School. Veronica spies Duncan at his locker talking to Logan. Presumably affected by the Body Heat-esque dream she had over the weekend, she looks a bit dazed as the action around her gets all speedy and spinny. Icetwin bumps into her, knocking her out of her reverie, and she asks him out. He hams, "Finally, the girl comes to her senses!" Eh. Veronica and Icetwin skip out of the frame, and Logan and Duncan enter it, as Logan is asking about Shelley. Duncan complains that she's a talker, and Logan agrees that he hates it when they talk. Well, I guess Lilly's death worked out well for you, then. Logan points out that Icetwin has been "all over your trailer-park ex." Well, I'd rather live in a trailer park than stay at the Hilton. Duncan genuinely seems not to care, but suddenly looks ashen and sweaty, and runs to the bathroom. Inside, he rinses his face off, looking like he just vomited and/or suffered a mild panic attack. He could be our forum posters anticipating the overnight ratings of the show. He returns to Logan, looking chipper again. They observe Veronica hustling Young Kid into the girls' bathroom. Logan grins and walks away with a, "That girl is seriously wack." I think she's mad fresh, Logan.
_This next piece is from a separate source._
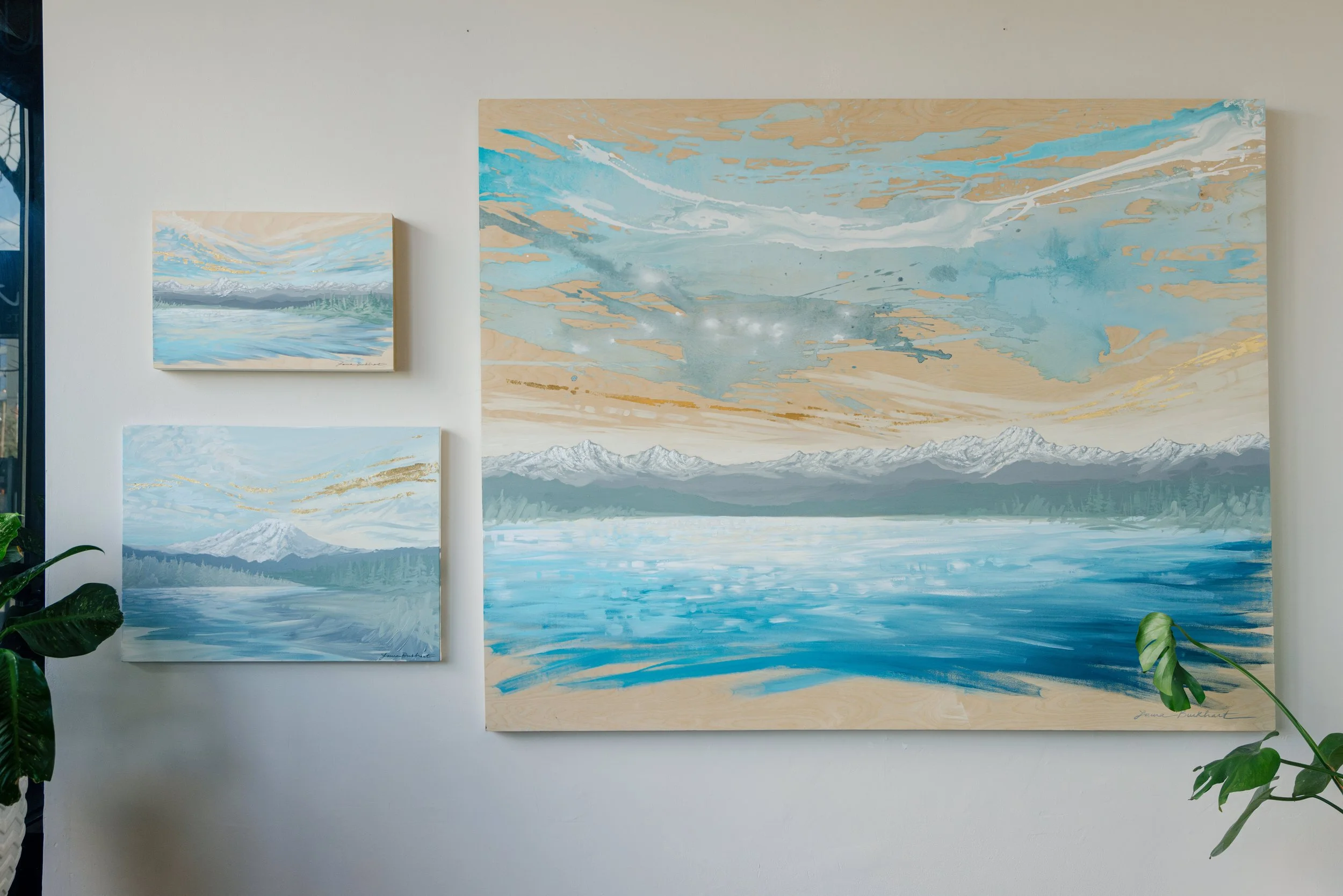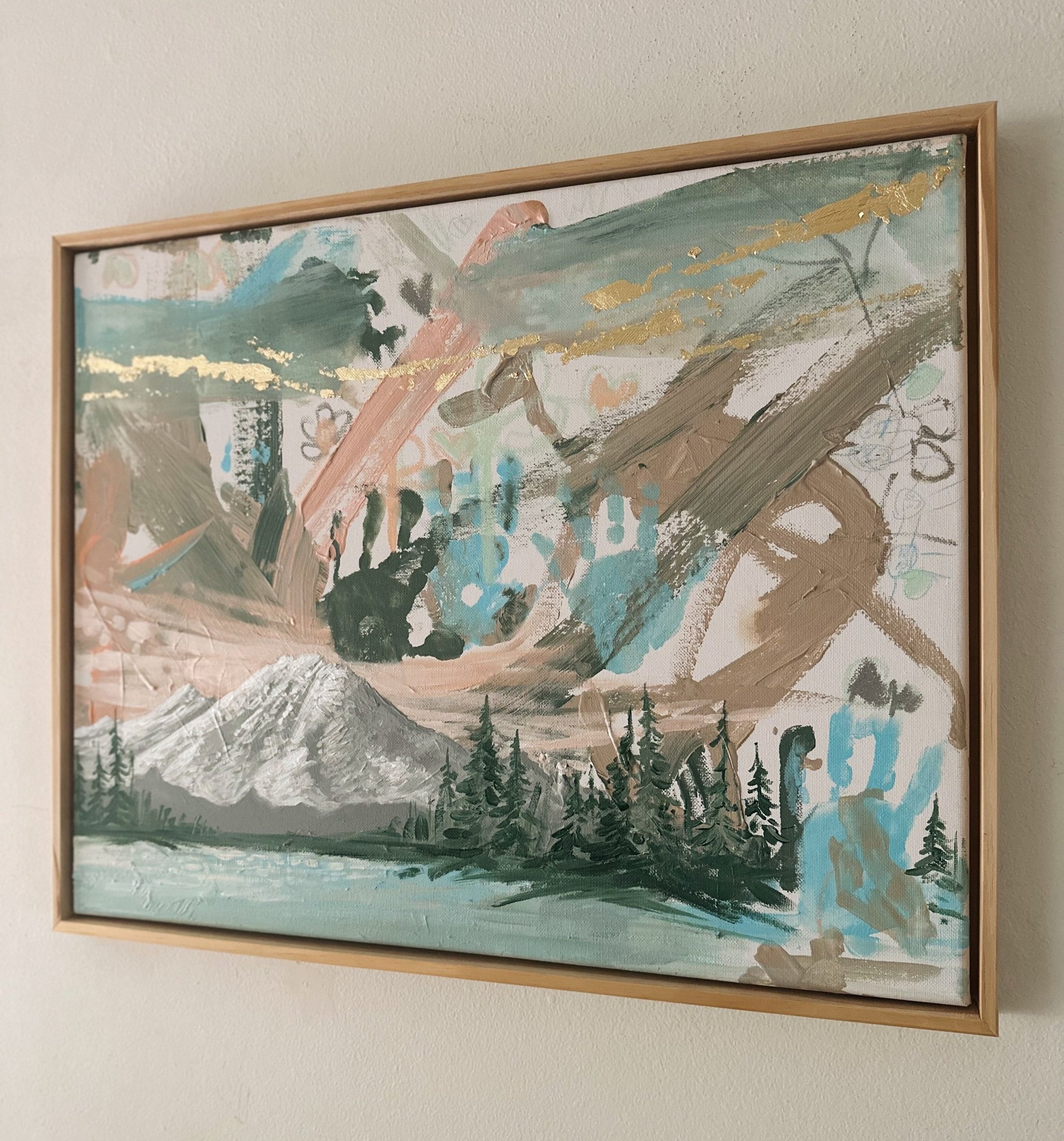 I’ll provide a curated color palette for you and your littles to paint, and then I’ll add my own signature painted PNW Landscape and metallic gold leaf for a truly unique work of art to cherish for a lifetime.

You be illin'.
Inside the girl's bathroom, the new Rickie Vasquez asks Veronica to find his dad, who ran out on him and his mom ten years earlier. Oh, this seems as good a time as any to mention that the popular name for this kid in the forums is Poor Man's Frankie Muniz. Now, I hate to break with my beloved posters, but I disagree, for two reasons. One, I don't see any resemblance at all between the two. Far more importantly, however, I don't think it's even possible for there to be a poor man's Frankie Muniz, because I think Frankie Muniz is a no-talent hack whose only purpose in life is to suck screen time away from Justin Berfeld. This kid actually somewhat reminds me of a less chubby version of the protagonist of L.I.E., which makes me wary of dark and sordid plotlines to come. In other words, props to the casting director. Veronica asks the kid, whose name we'll soon find out is Justin (which is also funny, because physically, this kid looks a lot more like Berfeld than Muniz), if he's sure he even wants to find his dad, and shoves the door closed on a couple girls and sticks a stop under the door. Hee. I don't know why drawing attention to yourself in this way is more secret than simply finding a quiet place outside to talk, but true to form for this show, it's entertaining, so I'll go with it. Veronica asks Justin why he wants to find his dad now, and Justin tells her that his mom got laid off, so she's working two crappy jobs, and so is he. Boy, he's ungrateful. Doesn't he know that his mom can go to community college and be on Easy Street in no time at all? (Oh, I forgot to mention: This part of the recap was written after the debate.) Veronica asks him for some details, which are as follows: There are no pictures, as his mom destroyed them all, no Social Security number, no date of birth, and the dad's name is "John Smith." Well, that's like looking for a needle in a haystack. The size of Uranus. (Oh, come on. I restrained myself for so long.)